Dataset entries:
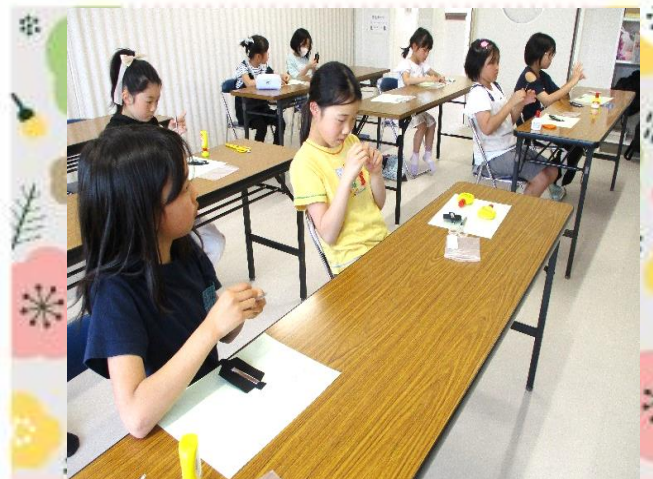
ボンドで貼ります。
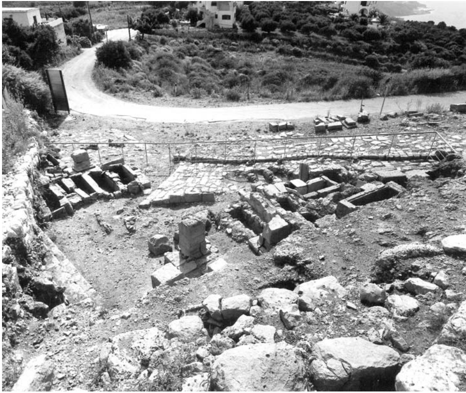
Figura 1: Vista general del yacimiento arqueológico.
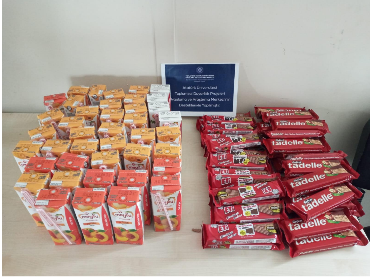
Proje kapsamında ikolata ve meyve suyu ikramları
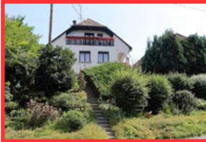
2. díj: Celli út 46. családi ház Tóth István és Tóth Istvánné
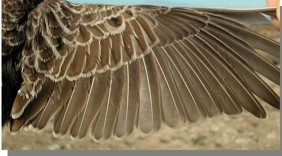
Alondra de Dupont. Otoño: diseño del ala (24-IX).
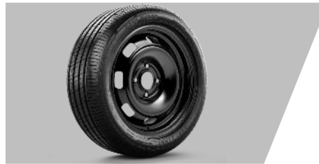
Plnohodnotné rezervné koleso 16" Súpravu náradia sa objednáva samostatne. Číslo dielu: 1677096680 Cenníková cena: 180 €
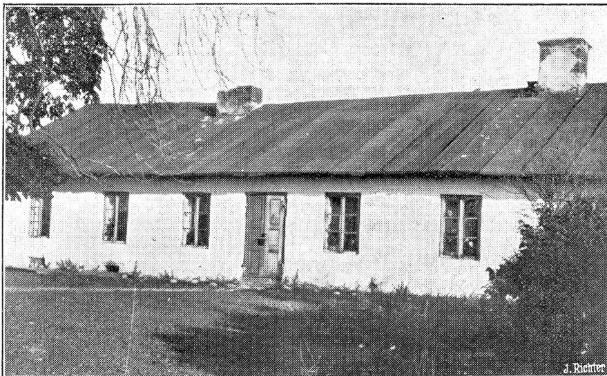
Das Geburtshaus Chopins in Zelazowa Wola, das als Chopin-Museum umgewandelt der Öffentlichkeit zugänglich gemacht werden soll.

Außer dieser Propagandarede, die vor allem Italien hören sollte, hat die Regierung in Rom auch andere Worte hören lassen. Ihr Sprecher England gegenüber ist wie immer Laval. Das Prestige verbietet, direkt vor den Gegner zu treten. Und Laval versucht auch gleich, für seinen Freund einen enormen Vorteil herauszuwirtschaften: Einstellung der sowieso auf 15. November verfallenden
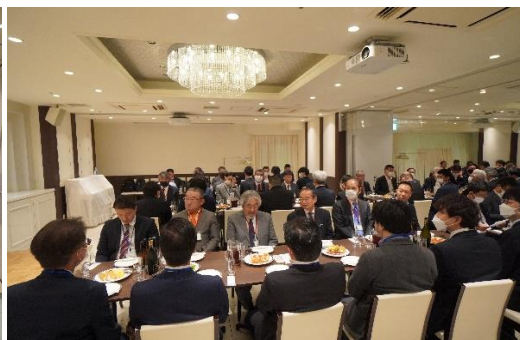
(昨年の総会懇親会風景…出席者100名)

◆ EXERCISE ◆
All of the lines above should be printed exactly, minus the pictures.

◆ THE ANSWER ◆
ボンドで貼ります。
Figura 1: Vista general del yacimiento arqueológico.
Proje kapsamında ikolata ve meyve suyu ikramları
2. díj: Celli út 46. családi ház Tóth István és Tóth Istvánné
Alondra de Dupont. Otoño: diseño del ala (24-IX).
Plnohodnotné rezervné koleso 16" Súpravu náradia sa objednáva samostatne. Číslo dielu: 1677096680 Cenníková cena: 180 €
Das Geburtshaus Chopins in Zelazowa Wola, das als Chopin-Museum umgewandelt der Öffentlichkeit zugänglich gemacht werden soll.

Außer dieser Propagandarede, die vor allem Italien hören sollte, hat die Regierung in Rom auch andere Worte hören lassen. Ihr Sprecher England gegenüber ist wie immer Laval. Das Prestige verbietet, direkt vor den Gegner zu treten. Und Laval versucht auch gleich, für seinen Freund einen enormen Vorteil herauszuwirtschaften: Einstellung der sowieso auf 15. November verfallenden
(昨年の総会懇親会風景…出席者100名)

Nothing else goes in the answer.